## TASK DETAILS
Below are entries with pictures in them. Output exactly the lines starting at the line with "Namensgebend für Tatooine" and ending at the line with "How cute are", both included, but not the pictures.

## SOURCE RECORDS
*** Block opens ***

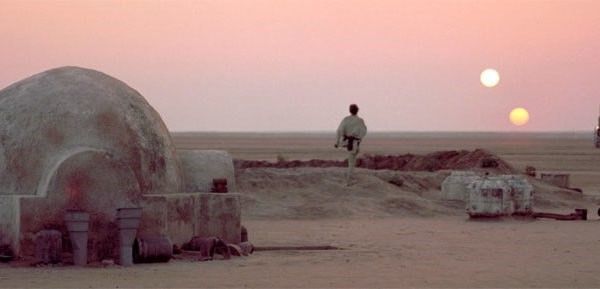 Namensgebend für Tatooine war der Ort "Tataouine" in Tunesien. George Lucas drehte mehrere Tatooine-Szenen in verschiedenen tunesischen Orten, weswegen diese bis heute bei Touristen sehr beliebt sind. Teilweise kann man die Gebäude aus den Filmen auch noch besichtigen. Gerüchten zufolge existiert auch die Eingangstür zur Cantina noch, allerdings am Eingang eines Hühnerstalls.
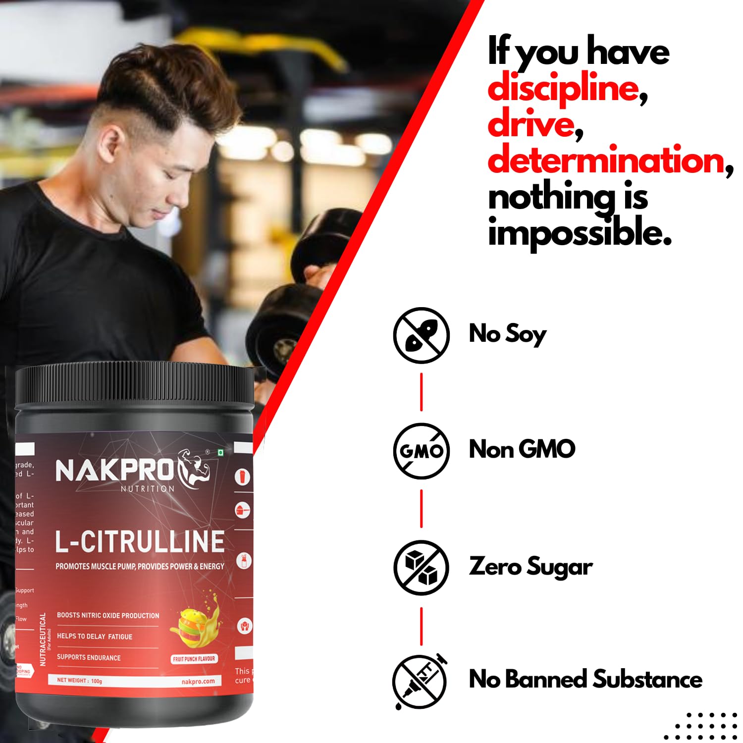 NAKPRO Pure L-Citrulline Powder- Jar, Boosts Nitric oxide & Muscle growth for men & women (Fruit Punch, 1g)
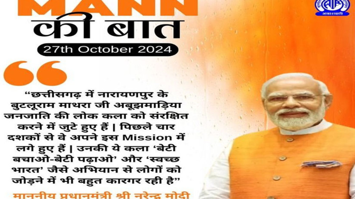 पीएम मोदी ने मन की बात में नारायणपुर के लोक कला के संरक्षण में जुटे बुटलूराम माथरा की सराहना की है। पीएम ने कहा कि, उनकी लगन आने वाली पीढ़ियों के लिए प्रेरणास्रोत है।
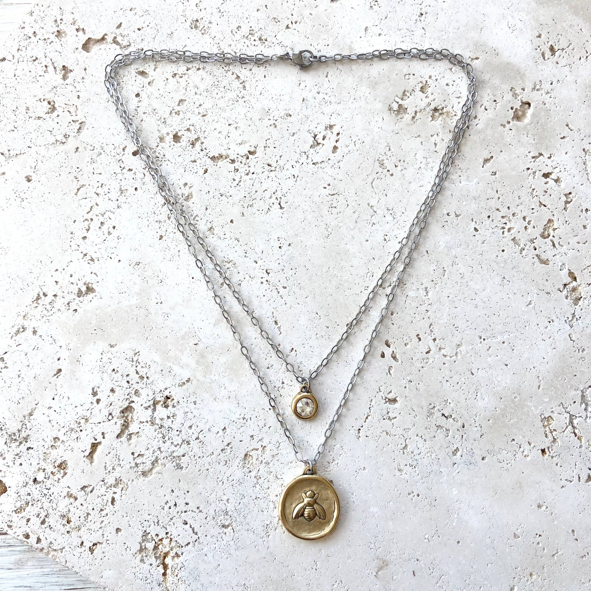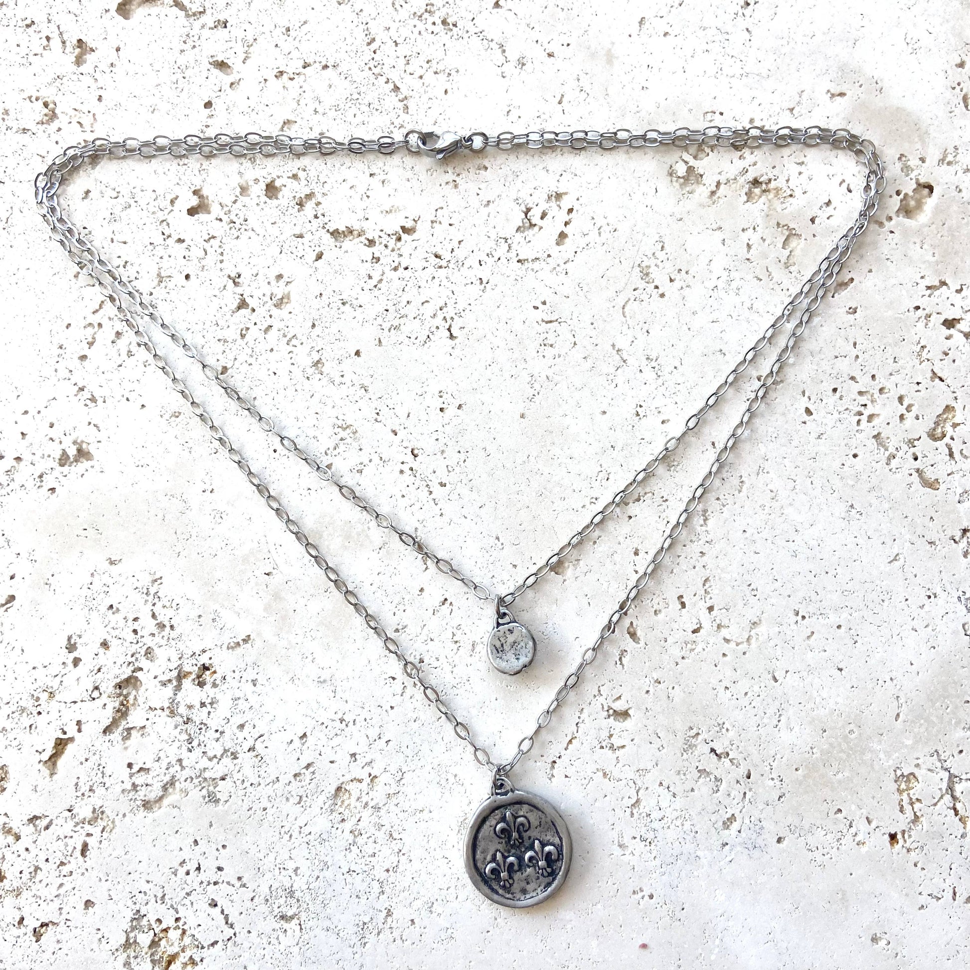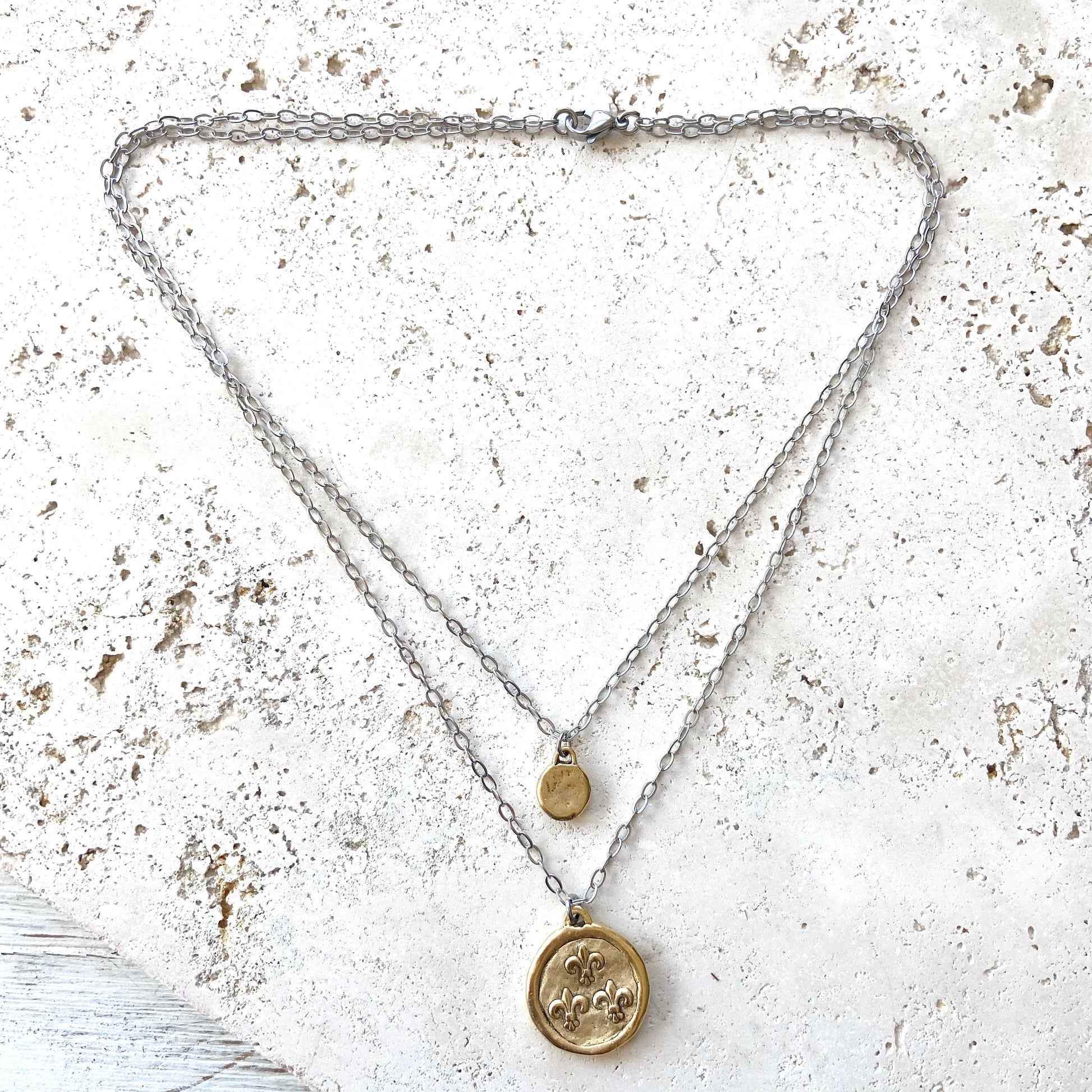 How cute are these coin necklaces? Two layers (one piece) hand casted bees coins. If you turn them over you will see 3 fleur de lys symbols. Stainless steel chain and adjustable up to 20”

*** Block closes ***
*** Block opens ***

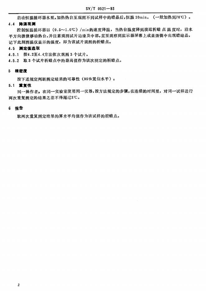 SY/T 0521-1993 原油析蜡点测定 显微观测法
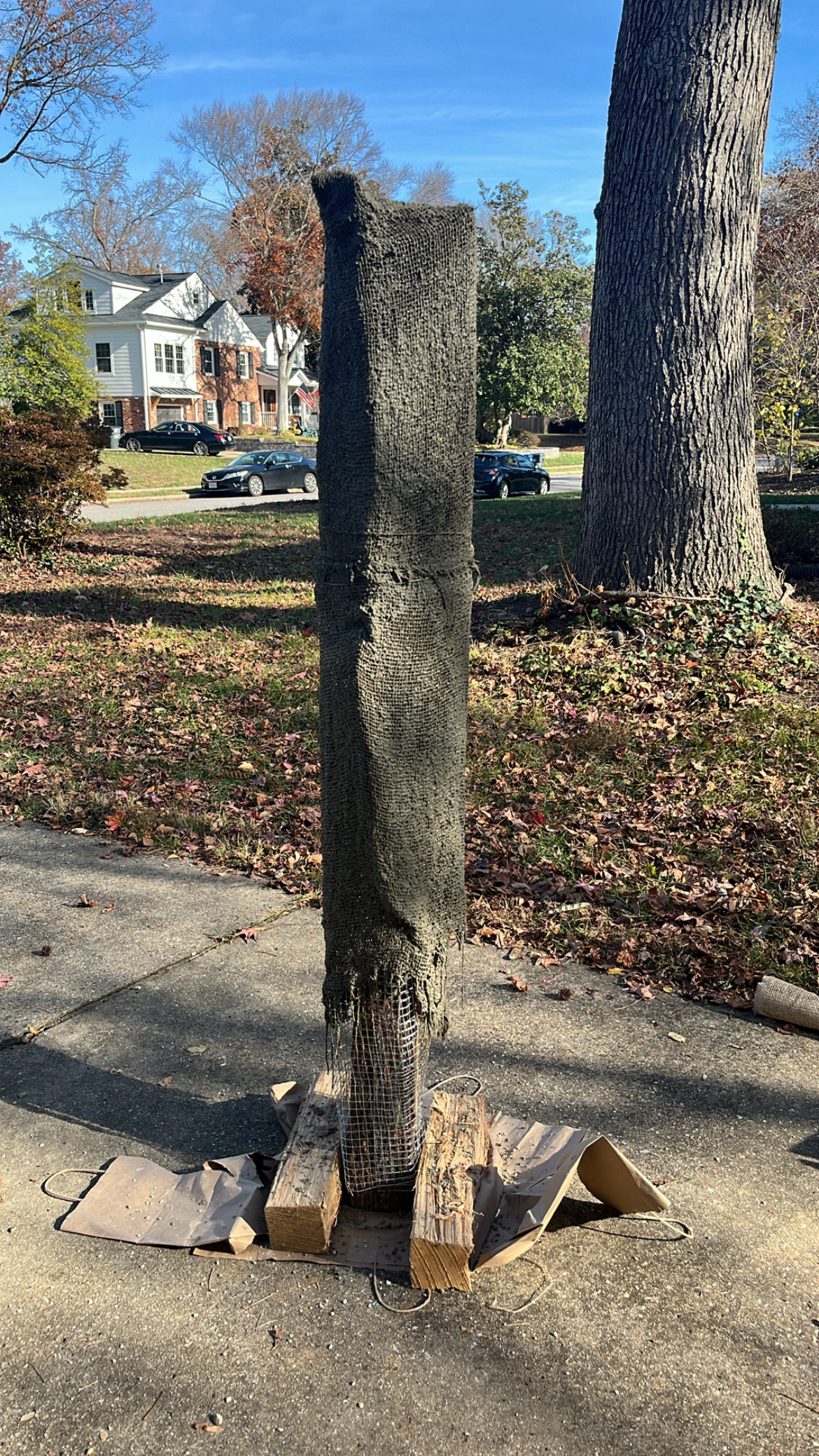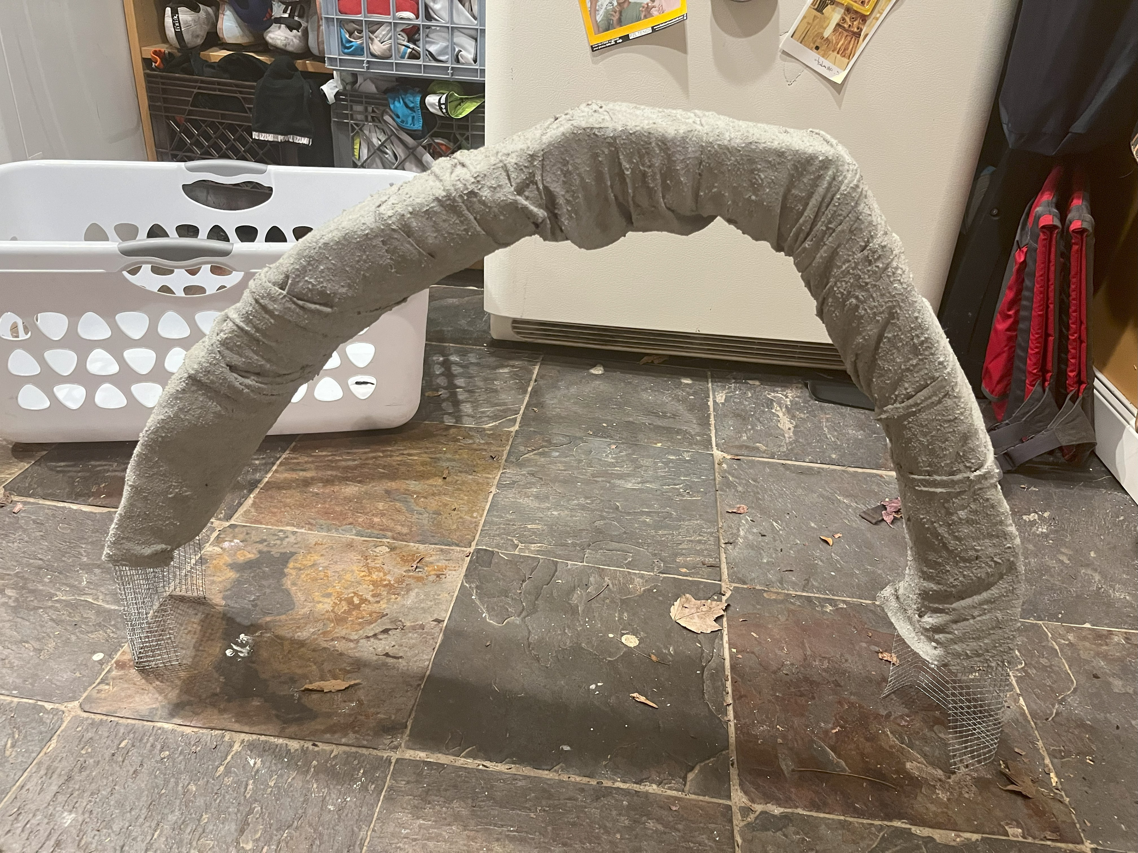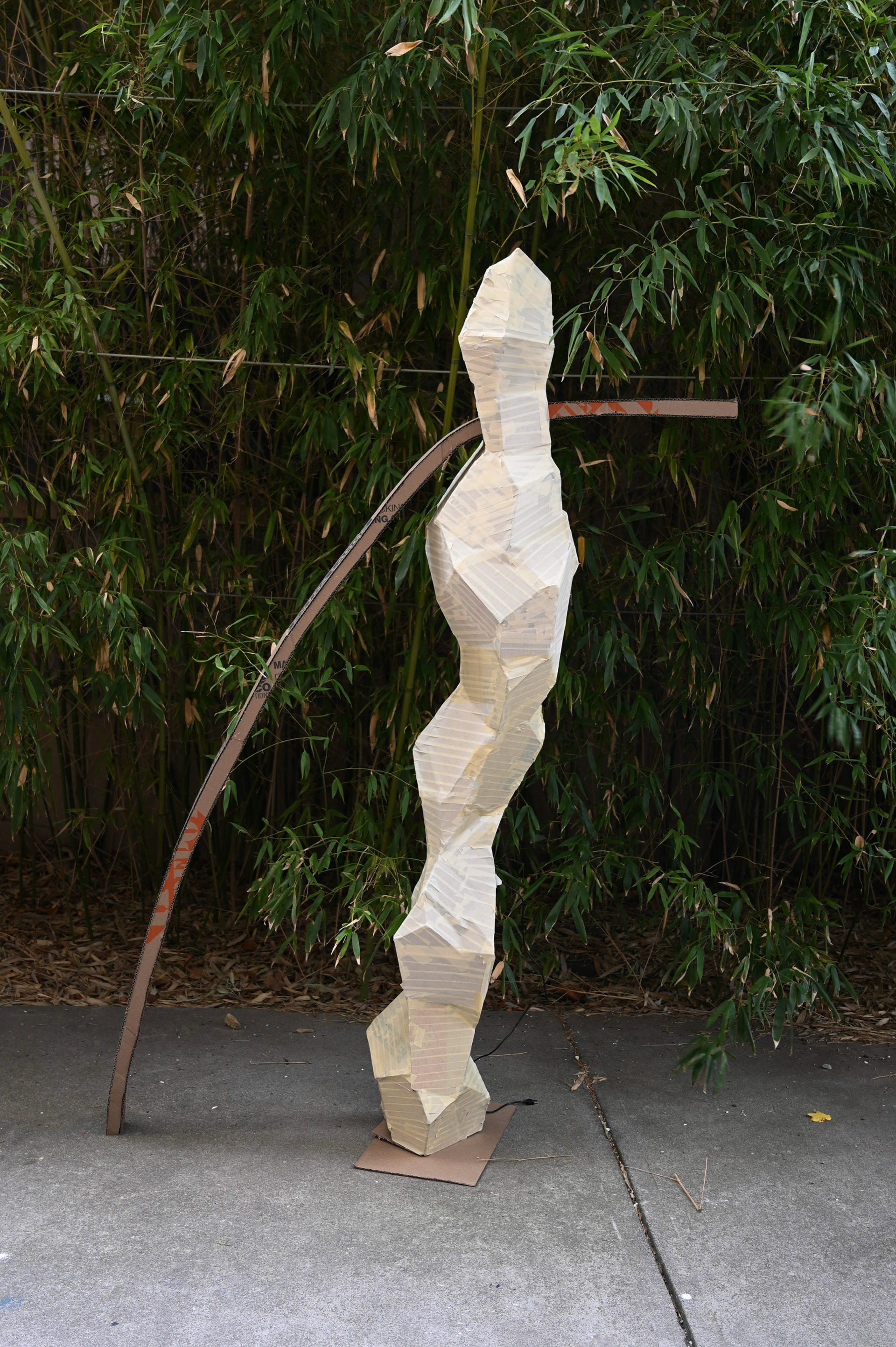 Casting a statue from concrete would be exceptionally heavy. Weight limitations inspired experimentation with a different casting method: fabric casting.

*** Block closes ***
*** Block opens ***

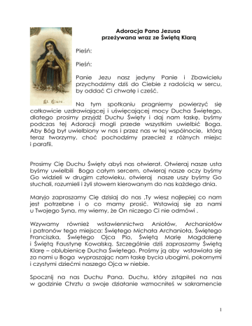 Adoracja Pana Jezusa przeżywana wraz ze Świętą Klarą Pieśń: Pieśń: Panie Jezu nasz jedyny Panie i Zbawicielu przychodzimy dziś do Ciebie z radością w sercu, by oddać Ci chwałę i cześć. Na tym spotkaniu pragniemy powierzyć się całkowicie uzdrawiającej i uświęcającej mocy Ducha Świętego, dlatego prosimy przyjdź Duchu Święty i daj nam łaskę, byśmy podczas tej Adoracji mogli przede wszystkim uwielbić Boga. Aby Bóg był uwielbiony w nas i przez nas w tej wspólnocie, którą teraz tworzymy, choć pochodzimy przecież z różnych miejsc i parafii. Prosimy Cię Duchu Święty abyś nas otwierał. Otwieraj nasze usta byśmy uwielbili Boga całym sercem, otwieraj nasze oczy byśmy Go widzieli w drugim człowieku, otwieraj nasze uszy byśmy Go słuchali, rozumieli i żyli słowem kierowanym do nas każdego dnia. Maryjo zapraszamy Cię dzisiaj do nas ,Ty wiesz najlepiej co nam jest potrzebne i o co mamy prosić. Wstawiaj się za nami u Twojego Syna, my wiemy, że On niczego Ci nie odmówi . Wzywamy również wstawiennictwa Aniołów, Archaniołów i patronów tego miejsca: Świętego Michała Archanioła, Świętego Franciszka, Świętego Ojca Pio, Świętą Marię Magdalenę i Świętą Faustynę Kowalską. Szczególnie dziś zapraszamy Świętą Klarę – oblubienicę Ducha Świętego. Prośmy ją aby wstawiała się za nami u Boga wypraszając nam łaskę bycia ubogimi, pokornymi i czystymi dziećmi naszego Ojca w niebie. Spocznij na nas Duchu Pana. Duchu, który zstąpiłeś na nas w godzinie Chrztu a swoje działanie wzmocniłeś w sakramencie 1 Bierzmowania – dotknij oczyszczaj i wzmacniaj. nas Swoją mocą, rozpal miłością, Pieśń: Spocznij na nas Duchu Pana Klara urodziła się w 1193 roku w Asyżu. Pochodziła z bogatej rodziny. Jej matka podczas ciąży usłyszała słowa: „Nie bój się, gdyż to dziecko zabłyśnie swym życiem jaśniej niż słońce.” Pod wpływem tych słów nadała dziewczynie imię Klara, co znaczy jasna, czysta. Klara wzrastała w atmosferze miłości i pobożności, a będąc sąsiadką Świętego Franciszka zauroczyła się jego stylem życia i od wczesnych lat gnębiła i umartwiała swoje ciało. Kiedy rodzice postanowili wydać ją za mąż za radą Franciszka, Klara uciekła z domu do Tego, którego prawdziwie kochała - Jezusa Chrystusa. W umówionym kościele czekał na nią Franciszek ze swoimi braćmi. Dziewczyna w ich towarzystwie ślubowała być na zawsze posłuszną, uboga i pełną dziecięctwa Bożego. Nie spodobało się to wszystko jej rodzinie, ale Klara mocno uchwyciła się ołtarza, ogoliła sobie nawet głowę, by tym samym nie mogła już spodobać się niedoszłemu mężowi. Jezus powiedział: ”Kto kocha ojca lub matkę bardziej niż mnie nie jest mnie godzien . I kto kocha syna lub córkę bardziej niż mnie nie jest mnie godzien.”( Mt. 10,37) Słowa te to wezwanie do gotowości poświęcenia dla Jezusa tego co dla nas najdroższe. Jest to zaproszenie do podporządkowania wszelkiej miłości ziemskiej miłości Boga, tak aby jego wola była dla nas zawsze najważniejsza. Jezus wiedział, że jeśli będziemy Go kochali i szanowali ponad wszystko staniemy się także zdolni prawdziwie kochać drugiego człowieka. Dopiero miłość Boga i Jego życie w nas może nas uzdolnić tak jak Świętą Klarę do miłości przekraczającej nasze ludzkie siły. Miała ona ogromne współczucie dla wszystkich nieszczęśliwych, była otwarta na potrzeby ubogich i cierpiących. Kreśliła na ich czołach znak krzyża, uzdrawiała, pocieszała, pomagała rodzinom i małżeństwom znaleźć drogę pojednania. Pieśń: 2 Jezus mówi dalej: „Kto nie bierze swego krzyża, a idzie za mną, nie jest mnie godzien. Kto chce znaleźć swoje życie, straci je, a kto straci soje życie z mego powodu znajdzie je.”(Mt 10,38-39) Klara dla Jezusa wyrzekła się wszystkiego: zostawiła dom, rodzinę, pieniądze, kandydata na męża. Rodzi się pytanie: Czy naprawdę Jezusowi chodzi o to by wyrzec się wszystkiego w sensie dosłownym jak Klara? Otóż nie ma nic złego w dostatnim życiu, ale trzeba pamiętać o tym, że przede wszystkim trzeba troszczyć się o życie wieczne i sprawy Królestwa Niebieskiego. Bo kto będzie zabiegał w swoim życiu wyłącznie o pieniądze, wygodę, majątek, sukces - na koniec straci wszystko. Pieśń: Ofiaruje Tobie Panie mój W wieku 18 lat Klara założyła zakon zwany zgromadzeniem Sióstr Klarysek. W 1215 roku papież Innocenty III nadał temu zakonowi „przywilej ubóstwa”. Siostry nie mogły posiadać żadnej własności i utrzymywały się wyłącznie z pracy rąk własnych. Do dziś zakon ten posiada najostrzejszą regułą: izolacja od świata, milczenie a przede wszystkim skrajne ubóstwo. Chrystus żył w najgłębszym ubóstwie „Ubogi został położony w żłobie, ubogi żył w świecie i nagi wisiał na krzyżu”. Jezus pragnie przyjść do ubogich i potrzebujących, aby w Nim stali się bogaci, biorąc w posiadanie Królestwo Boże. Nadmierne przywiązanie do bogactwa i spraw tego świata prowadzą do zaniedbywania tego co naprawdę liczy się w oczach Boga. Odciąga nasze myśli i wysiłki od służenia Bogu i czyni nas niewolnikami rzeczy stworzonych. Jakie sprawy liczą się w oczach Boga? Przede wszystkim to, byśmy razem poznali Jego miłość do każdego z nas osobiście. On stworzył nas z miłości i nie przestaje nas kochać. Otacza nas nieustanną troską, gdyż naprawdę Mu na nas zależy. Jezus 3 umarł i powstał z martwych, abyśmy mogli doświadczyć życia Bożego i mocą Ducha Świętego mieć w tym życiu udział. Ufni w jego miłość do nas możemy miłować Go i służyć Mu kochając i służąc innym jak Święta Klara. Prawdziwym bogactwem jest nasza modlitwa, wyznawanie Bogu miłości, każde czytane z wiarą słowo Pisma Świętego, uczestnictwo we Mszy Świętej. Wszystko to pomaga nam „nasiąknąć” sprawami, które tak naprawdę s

*** Block closes ***

## REPLY TO THE TASK
 Namensgebend für Tatooine war der Ort "Tataouine" in Tunesien. George Lucas drehte mehrere Tatooine-Szenen in verschiedenen tunesischen Orten, weswegen diese bis heute bei Touristen sehr beliebt sind. Teilweise kann man die Gebäude aus den Filmen auch noch besichtigen. Gerüchten zufolge existiert auch die Eingangstür zur Cantina noch, allerdings am Eingang eines Hühnerstalls.
 NAKPRO Pure L-Citrulline Powder- Jar, Boosts Nitric oxide & Muscle growth for men & women (Fruit Punch, 1g)
 पीएम मोदी ने मन की बात में नारायणपुर के लोक कला के संरक्षण में जुटे बुटलूराम माथरा की सराहना की है। पीएम ने कहा कि, उनकी लगन आने वाली पीढ़ियों के लिए प्रेरणास्रोत है।
 How cute are these coin necklaces? Two layers (one piece) hand casted bees coins. If you turn them over you will see 3 fleur de lys symbols. Stainless steel chain and adjustable up to 20”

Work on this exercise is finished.